Già tutti fuori. «Condannati» i poliziotti che li hanno presi

(...) Così pure il suo collega e connazionale Milos Petrovic, che in via Colombo, diverse ore prima di dare il meglio di sé allo stadio, aveva anche rapinato un negozio di articoli sportivi, se n’è tornato in Serbia (o forse sta ancora gironzolando in qualche caruggio) perché l’anno di condanna è solo sugli archivi del tribunale. Chi resta sicuramente in giro a Genova, è invece Marco M., un diciottenne sostenitore genoano, che insieme a un’altra decina di amici, aveva organizzato la vendetta. Aveva in mano una spranga e preparava un’imboscata ai serbi, sostiene l’accusa. Arrestato per resistenza, lesioni e possesso di arma impropria, alla sbarra è rimasto il tempo di ascoltare il verdetto. Anche se a suo carico almeno ci sarà qualche provvedimento di divieto di partecipazione a eventi sportivi.
In ogni caso, tre processati, tre liberati.
Più o meno negli stessi minuti in cui Maurizio Beretta, presidente della Lega di serie A, affidava alle agenzie di stampa la sua ricetta contro la violenza negli stadi: «Contro questo modo di fare occorre perseguire gli atteggiamenti individuali, prendere questi signori e metterli in galera con condanne esemplari».
Appunto.
Duemila tifosi serbi al Ferraris. Duemila pronti a seguire gli ordini del capo supertatuato Ivan Bogdanov. Poi le responsabilità, come spesso accade, sono state subito addossate a «poche decine». Gli arrestati, per i quali i poliziotti genovesi hanno lavorato con estrema attenzione tutta una notte, sono stati in tutto 17. I primi tre, gli unici finora processati, sono già fuori. Gli altri devono ancora incontrare un magistrato.

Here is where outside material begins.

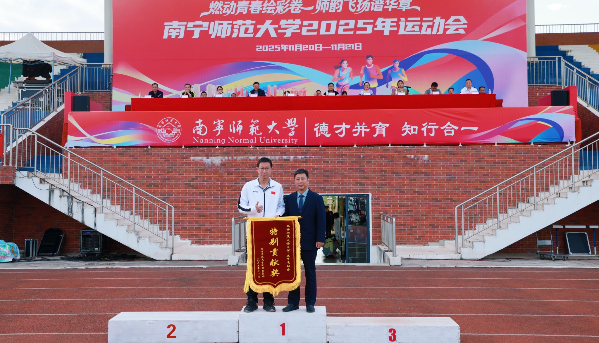 張松濤副校長為獲得運動會“特殊貢獻獎”的體育與健康學院頒獎
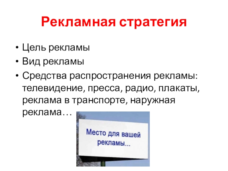 Средства распространения рекламы: телевидение, пресса, радио, плакаты, реклама

La stragrande maggioranza, quelli non colpevoli perché avevano «solo» sostenuto il capo nella sua sfida alla polizia e perché avevano «solo» urlato con lui slogan e insulti, sono stati tutti accompagnati al confine per il viaggio di ritorno. «Nessun incidente», ha fatto sapere la polizia che li ha accompagnati fino alla barriera del Lisert, in provincia di Gorizia, limite ultimo prima di entrare in territorio sloveno. Problema risolto.
Adesso resta poco più di una dozzina di serbi nelle celle di Marassi. C’è Bogdanov, che dopo aver passato la notte in una guardina della questura, è stato accompagnato al Galliera per essere visitato. Si è fatto male a una mano. Robetta, 7 giorni di prognosi. Dopo lo show in mondovisione si era nascosto nel vano motore di un pullman nel quale è stato trovato dai poliziotti che lo hanno arrestato. E che ieri mattina non lo hanno perso di vista un momento mentre l’équipe del professor Paolo Cremonesi, responsabile del pronto soccorso del Galliera, lo visitava. Non ha detto di essere stato costretto dagli altri a guidare la rivolta, ma in carcere si è dimostrato educato e affabile. «Ieri ci sono stati problemi perché eravamo ubriachi», ha detto. Un bravo ragazzo, hooligan per caso, insomma.
Lo ripeterà probabilmente ai giudici. Che ieri hanno concesso attenuanti e sospensione della pena ai primi processati perché, stando al magistrato, sono giovani, incensurati e protagonisti di fatti lievi. Per Ivan invece, come per altri arrestati, potrebbe essere necessario attendere la convalida del fermo. Se non ci sarà la direttissima, un magistrato dovrà decidere se hanno fatto bene i poliziotti ad ammanettarlo. Ma anche in caso di «convalida», non necessariamente Ivan resterà dentro. Per lui le accuse poi non sono neppure trascendentali: porto d’armi e danneggiamento. Potrebbe essere confermato il suo arresto e disposta la sua scarcerazione.

E pazienza se a parole tutti vogliono la certezza della pena, vogliono che i responsabili paghino. Le grida scandalizzate, le interrogazioni parlamentari sono riservate contro il ministero dell’Interno o al massimo contro i poliziotti che li hanno arrestati.